(To do) Everything in the records must be copied exactly except the pictures.

(Raw data)
********************
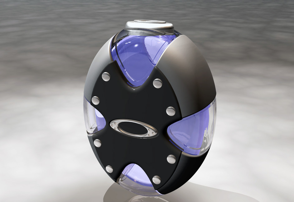 Designer Scot Oshry of Zorbit Resources created these handsome cosmetics bottles for Oakley
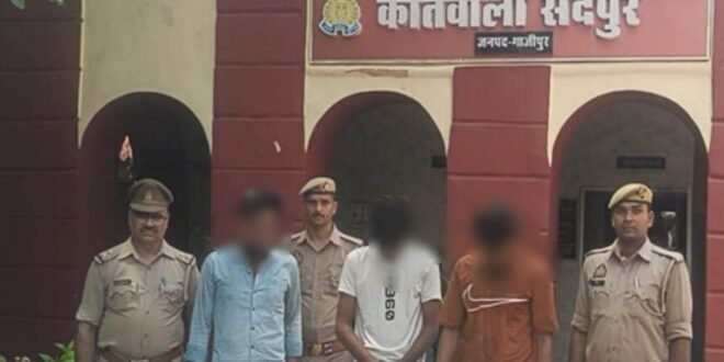 गाजीपुर। अपराध एवं अपराधियों के विरुद्ध चलाये जा रहे अभियान के क्रम में आज दिनांक 13.06.2025 को थाना सैदपुर के उ0नि0 अनोज सिंह मय हमराह व थाना एएनटीएफ गाजीपुर निरीक्षक सुरेन्द्र नाथ सिंह मय हमराह द्वारा मुखबिर की सूचना पर शरीफपुर पुल के पास चेकिंग की जा रही थी कि 03 नफर अभियुक्तगण 1. विजय प्रताप सिंह पुत्र रामआसरे सिंह 2. नसीर रायनी पुत्र स्व0 नसीम तथा 3. रोहित कुमार गोंड़ पुत्र विनोद गोंड़ के पास से 50.75 किलोग्राम अवैध नाजायज गांजा, 04 अदद मोबाईल (एण्ड्रायड) , 01 अदद सुजुकी बलेनो नं0 UP61AX1116 व 01 अदद टाटा टिगोर गाड़ी नं0 UP61AJ 2241 बरामद किया गया । बरामदगी व गिरफ्तारी के आधार पर अभि0गण के विरुद्ध थाना स्थानीय पर मु0अ0सं0 188/25 धारा 8/20/29/60 एनडीपीएस एक्ट पंजीकृत किया गया। गिरफ्तारशुदा अभियुक्तगण के विरुद्ध अग्रिम विधिक कार्यवाही की जा रही है ।
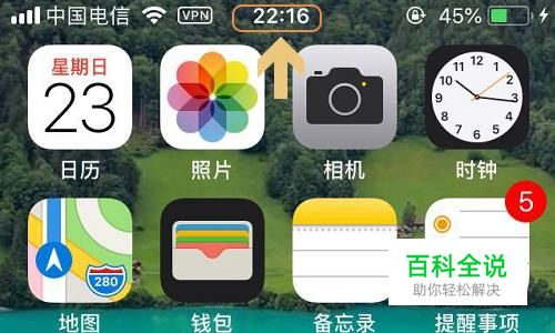 首先我们打开苹果手机,屏幕最上方就会显示目前的时间,比如小编发布这篇指南的时间是晚上十点十六分,那么显示的时间就是22:16,如图所示...
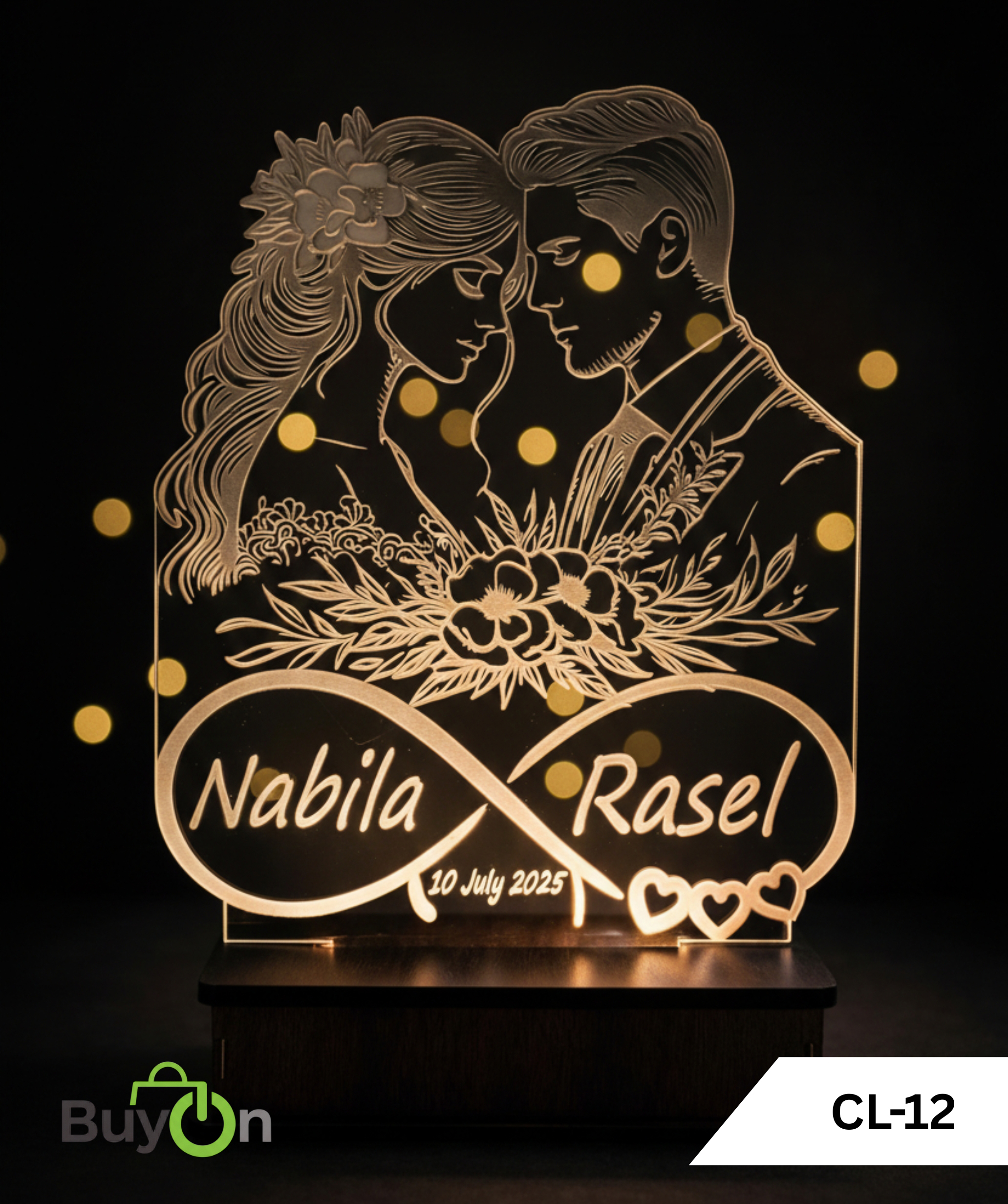Turn your love into light with our Customized Couple LED Lamp, specially crafted to make your special moments unforgettable. Each lamp is designed with a premium acrylic sheet and personalized with your chosen names, creating a meaningful and elegant gift for couples.
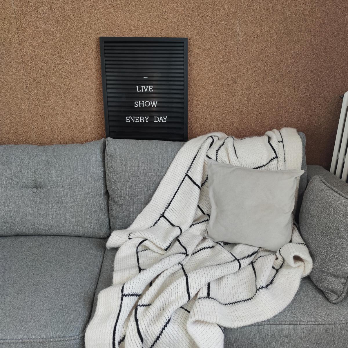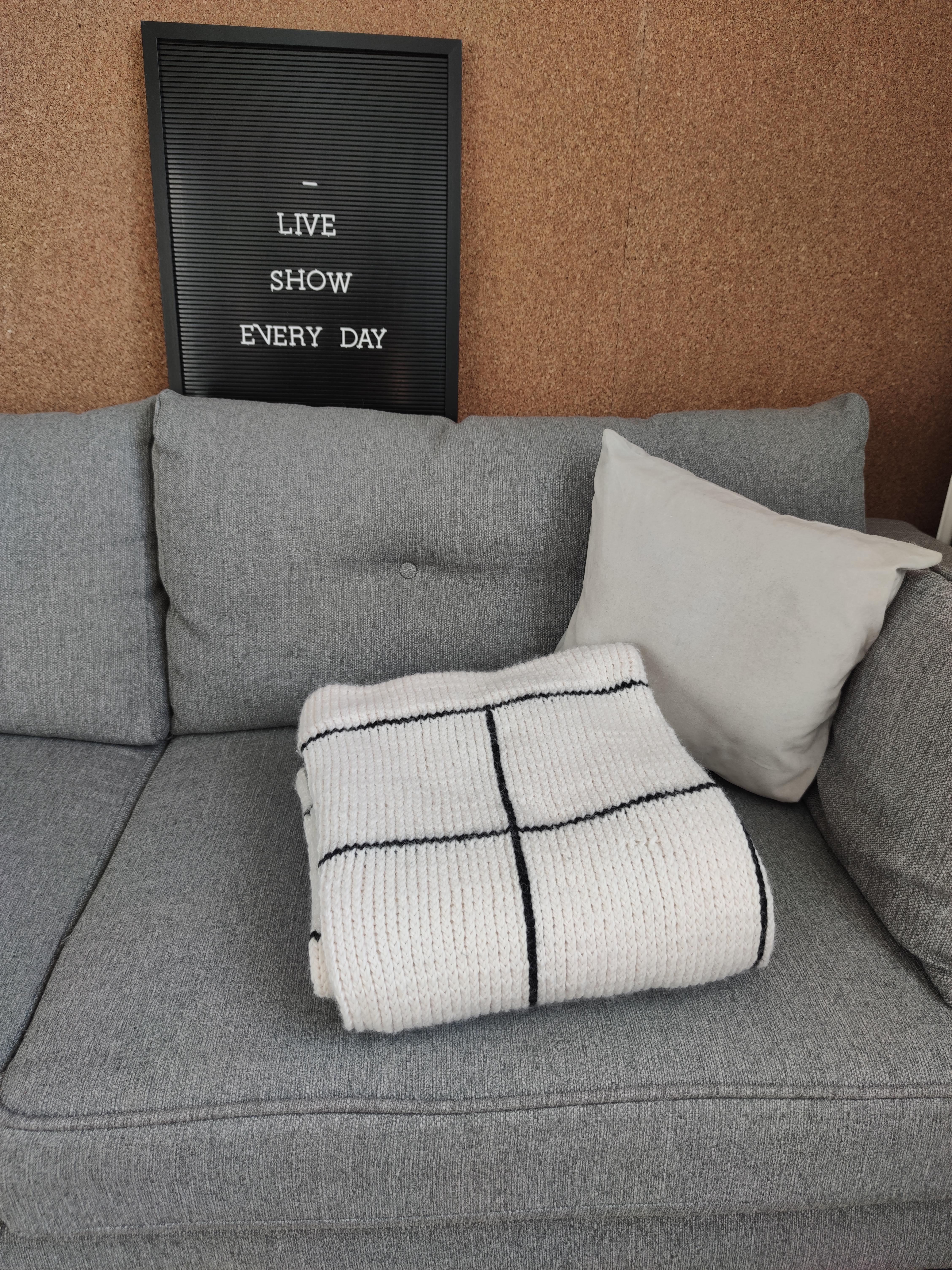 I must admit that it turned out beautifully because it's very comfortable and snug for watching a movie in the evening. Its large dimensions allow you to wrap yourself up in it without your feet sticking out, and it's even spacious enough for two people!
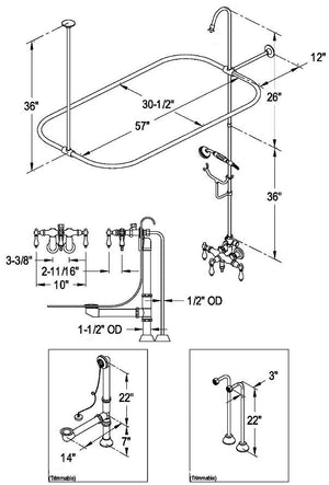 Polished Chrome Clawfoot Leg Tub Add-A-Shower Faucet Kit With Hand Shower
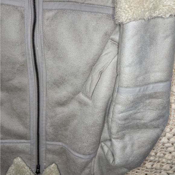 Stay warm and stylish with this cream shearling jacket. Perfect for any occasion, it offers both comfort and elegance some small peeling see pictures.
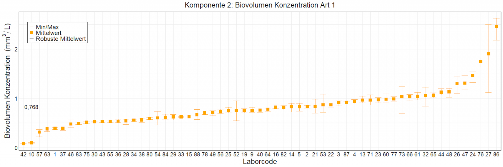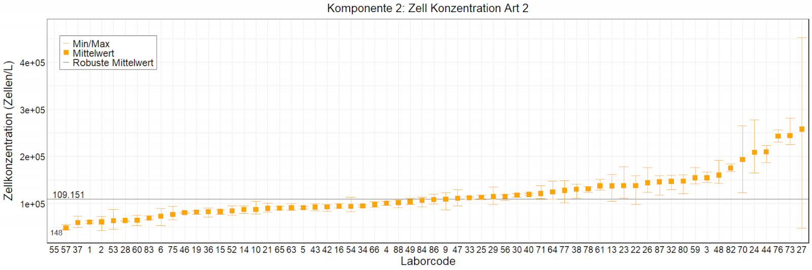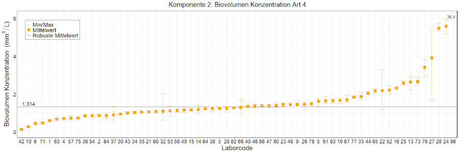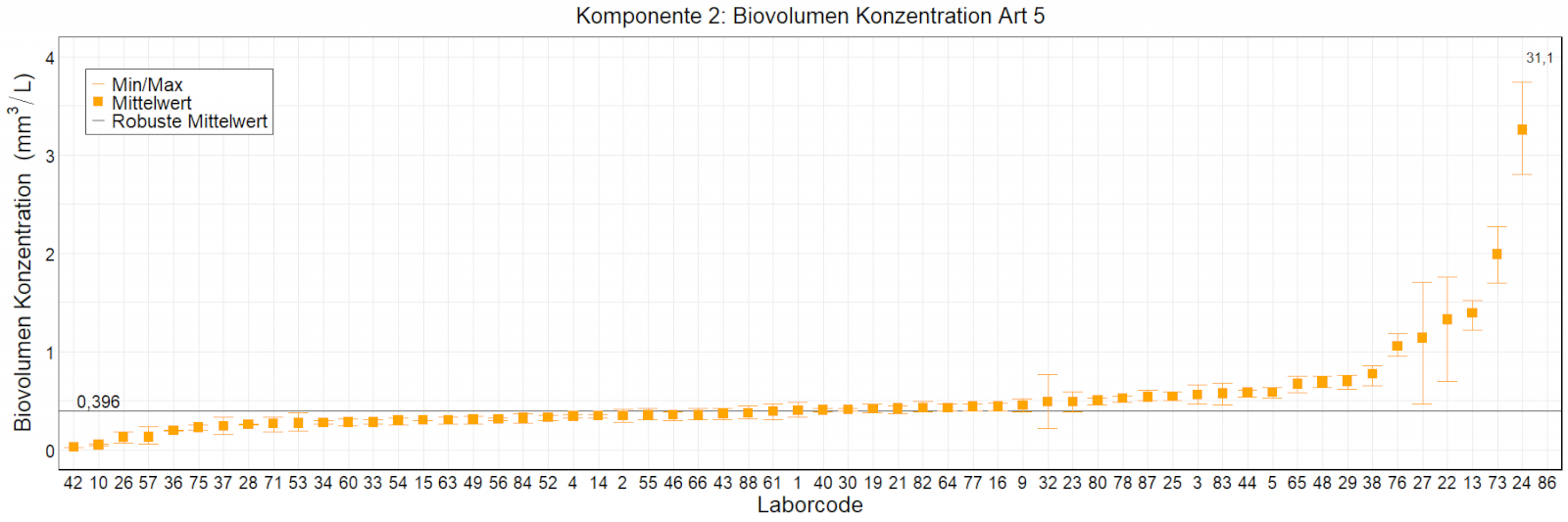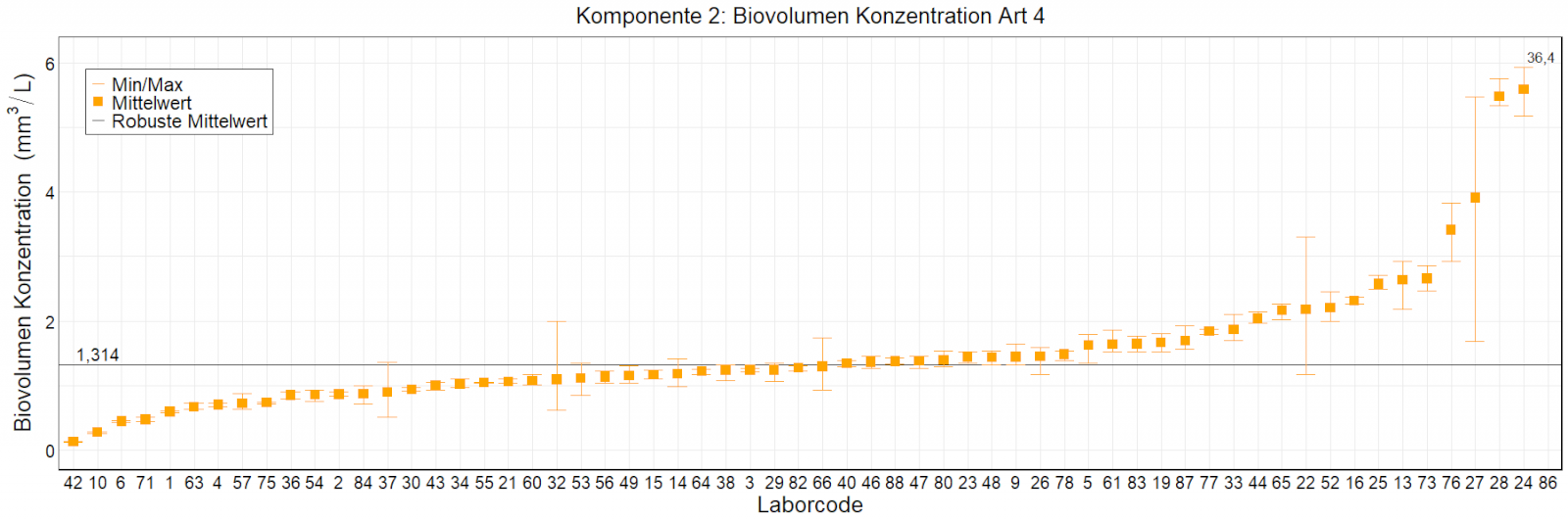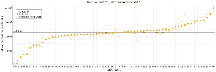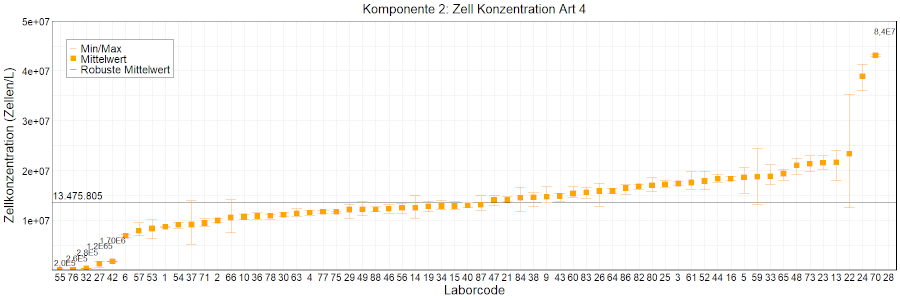 In den Abbildungen sind die mittleren Ergebnisse für jedes Labor als kleiner, orangefarbener Kasten dargestellt. Die Whisker reichen bis zu den Minimum- und Maximumwerten. Der robuste Mittelwert, der auf dem ungefilterten Datensatz basiert, wird als fette schwarze Linie dargestellt. Mittlere Laborergebnisse, die außerhalb der Skala liegen, wurden als Zahlen eingetragen.
********************
(Output of the task)
 Designer Scot Oshry of Zorbit Resources created these handsome cosmetics bottles for Oakley
 गाजीपुर। अपराध एवं अपराधियों के विरुद्ध चलाये जा रहे अभियान के क्रम में आज दिनांक 13.06.2025 को थाना सैदपुर के उ0नि0 अनोज सिंह मय हमराह व थाना एएनटीएफ गाजीपुर निरीक्षक सुरेन्द्र नाथ सिंह मय हमराह द्वारा मुखबिर की सूचना पर शरीफपुर पुल के पास चेकिंग की जा रही थी कि 03 नफर अभियुक्तगण 1. विजय प्रताप सिंह पुत्र रामआसरे सिंह 2. नसीर रायनी पुत्र स्व0 नसीम तथा 3. रोहित कुमार गोंड़ पुत्र विनोद गोंड़ के पास से 50.75 किलोग्राम अवैध नाजायज गांजा, 04 अदद मोबाईल (एण्ड्रायड) , 01 अदद सुजुकी बलेनो नं0 UP61AX1116 व 01 अदद टाटा टिगोर गाड़ी नं0 UP61AJ 2241 बरामद किया गया । बरामदगी व गिरफ्तारी के आधार पर अभि0गण के विरुद्ध थाना स्थानीय पर मु0अ0सं0 188/25 धारा 8/20/29/60 एनडीपीएस एक्ट पंजीकृत किया गया। गिरफ्तारशुदा अभियुक्तगण के विरुद्ध अग्रिम विधिक कार्यवाही की जा रही है ।
 首先我们打开苹果手机,屏幕最上方就会显示目前的时间,比如小编发布这篇指南的时间是晚上十点十六分,那么显示的时间就是22:16,如图所示...
Turn your love into light with our Customized Couple LED Lamp, specially crafted to make your special moments unforgettable. Each lamp is designed with a premium acrylic sheet and personalized with your chosen names, creating a meaningful and elegant gift for couples.
 I must admit that it turned out beautifully because it's very comfortable and snug for watching a movie in the evening. Its large dimensions allow you to wrap yourself up in it without your feet sticking out, and it's even spacious enough for two people!
 Polished Chrome Clawfoot Leg Tub Add-A-Shower Faucet Kit With Hand Shower
 Stay warm and stylish with this cream shearling jacket. Perfect for any occasion, it offers both comfort and elegance some small peeling see pictures.
 In den Abbildungen sind die mittleren Ergebnisse für jedes Labor als kleiner, orangefarbener Kasten dargestellt. Die Whisker reichen bis zu den Minimum- und Maximumwerten. Der robuste Mittelwert, der auf dem ungefilterten Datensatz basiert, wird als fette schwarze Linie dargestellt. Mittlere Laborergebnisse, die außerhalb der Skala liegen, wurden als Zahlen eingetragen.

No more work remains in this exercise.